De klager heeft op 29 januari 2016 telefonisch verzocht om verlenging van deze termijn. Het verlengen van deze termijn is in eerste instantie niet in het belang van opdrachtgevers, dat beklaagde dient te bewaken. Beklaagde heeft het verzoek van klager aan zijn opdrachtgevers doorgegeven. Deze hebben vervolgens laten weten geen verlenging van de termijn te verlenen. De maandag daarop, 1 februari 2016, bleek de klager de financiering rond te hebben. De verkoop is vervolgens zonder vertraging, conform de koopovereenkomst middels de akte van transport op 1 maart 2016 afgerond. Beklaagde wijst hier op een door de opdrachtgevers ondertekend schrijven van 13 juli 2016.

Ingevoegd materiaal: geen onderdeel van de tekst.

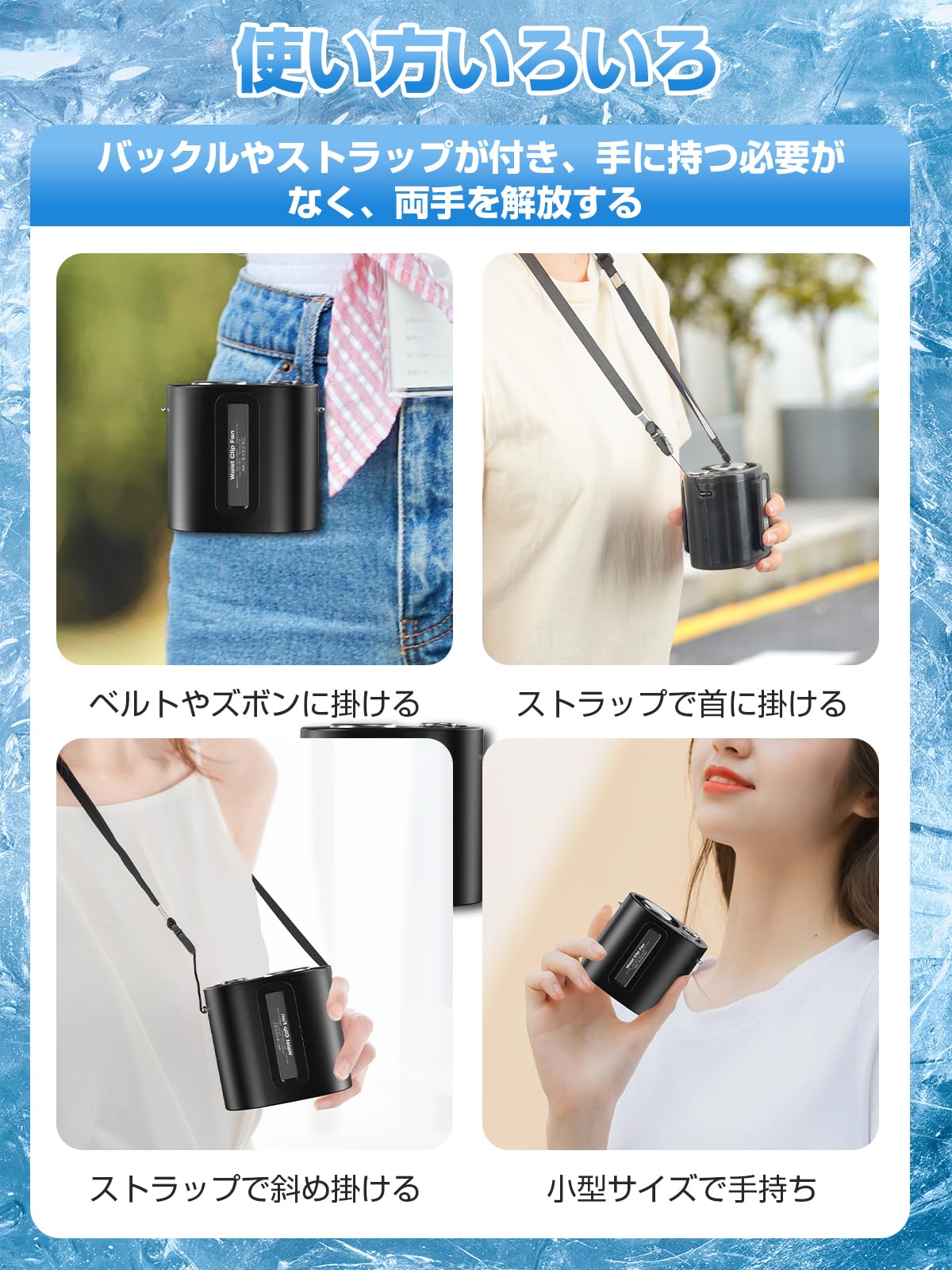 【ハンズフリーで自由自在】:手に持つだけでなく、ベルトに挟んだり、付属のストラップで首に掛けることもできます。両手が自由になるため、屋外での作業やキャンプなど、さまざまなシーンで快適に使用できます。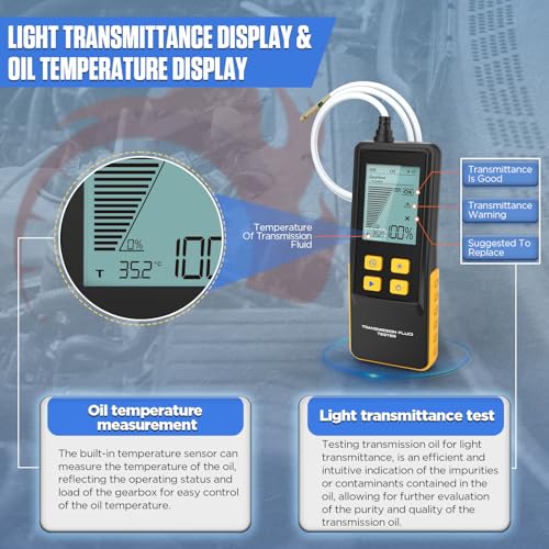 - بيلي جهاز اختبار زيت ناقل الحركة الرقمي للسيارات - جهاز اختبار زيت ناقل الحركة الأوتوماتيكي للسيارة مع شاشة 28 انش وخرطوم 800 ملم يختبر انتقال الضوء ودرجة حرارة سوائل النقل المختلفة

De voor beklaagde handelend makelaar is voorzitter van de Raad van Commissarissen van de [naam bank A]. Het betreft een toezichthoudende functie op het algemene beleid van deze rechtspersoon. Hij heeft geen invloed, noch direct, noch indirect op het al dan niet verstrekken van financieringen. In het bijzonder heeft de makelaar geen enkele bemoeienis gehad met de financieringsrelatie tussen de klager en de bank. Van belangenverstrengeling zoals de klager stelt is geen sprake geweest. De klager laat ook na om dit te onderbouwen.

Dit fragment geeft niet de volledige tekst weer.